China Life Insurance Co (中國人壽) is expected to outperform its peers despite a challenging domestic operating environment, given low liability costs and a much smaller legacy portfolio, Credit Suisse said yesterday.
“While we have not favored Taiwan’s insurance sector for a while, we believe that China Life is much better positioned to thrive in this difficult space,” Credit Suisse said in a report.
The company’s shares closed 1.6 percent lower at NT$27.7 yesterday, but the stock has risen 13.06 percent to date this year, outperforming the TAIEX, which has slid 0.61 percent during the same period.
Insurers in Taiwan are facing a difficult environment, where -decade-long low interest rates and a lack of long-term investment opportunities have driven insurers to focus on fixed-income securities and seek investment opportunities elsewhere in pursuit of higher profitability.
The industry has long pressed for greater flexibility in risk-based capital recognition from the regulators, as well as calling for easing of restrictions on overseas investments.
In the April-to-June quarter, China Life earned NT$1 billion (US$33.25 million) in net income, which was flat from the previous three months.
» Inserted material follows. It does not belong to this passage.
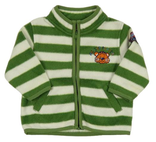 Zeleno-smetanová pruhovaná fleecová propínací mikina s tygrem

In the first half of the year, net income totaled NT$2.01 billion, or earnings of NT$0.89 per share, the Taipei-based insurer said in a stock exchange filing on Thursday last week.
Credit Suisse said it expected China Life’s investment in China’s Jian Xin Life Insurance Co (建信人壽) — which is a joint venture with China Construction Bank Corp (中國建設銀行) — would see significant growth over the next five years and provide a long-term growth opportunity.
“This joint venture has been profitable and China Life has already raised the capital to fund the venture for the next 3-4 years,” Credit Suisse said. “We estimate the venture could add NT$5-NT$10 per share to China Life’s valuation and this is not yet in our valuation for the stock.”
China Life chairman Alan Wang (王銘陽) told an investor conference in Taipei on May 30 that Jian Xin aims to have 28 branches across China by the end of 2015 and become China’s largest insurer in 10 years.
Credit Suisse has an “outperform” rating on China Life, with a price target of NT$40, implying a 44 percent upside from yesterday’s closing price.
Taiwan Ratings Corp (中華信評), meanwhile, yesterday offered an issuer rating and counterparty credit rating of “twAA-” on China Life, with a stable outlook.
“The ratings on China Life reflect the insurer’s good liquidity, satisfactory operating performance and adequate financial flexibility,” the local arm of Standard & Poor’s Ratings Services said in a press release.
In addition, the insurer has demonstrated a good track record raising funds in the capital market when needed, Taiwan Ratings said.
China Life raised NT$7.3 billion in 2009 after the onset of the global financial crisis and NT$7.5 billion last year, with plans to use the proceeds for future business expansion.
In related news, Cathay Life Insurance Co (國泰人壽) said yesterday it had gained regulatory approval to exclude foreign-currency policies from its overseas investments, giving it more room to invest abroad.
Cathay Life is the first domestic insurer to benefit from the regulatory easing intended to give companies more flexibility in asset allocation as Taiwan’s low interest rates squeeze profitability.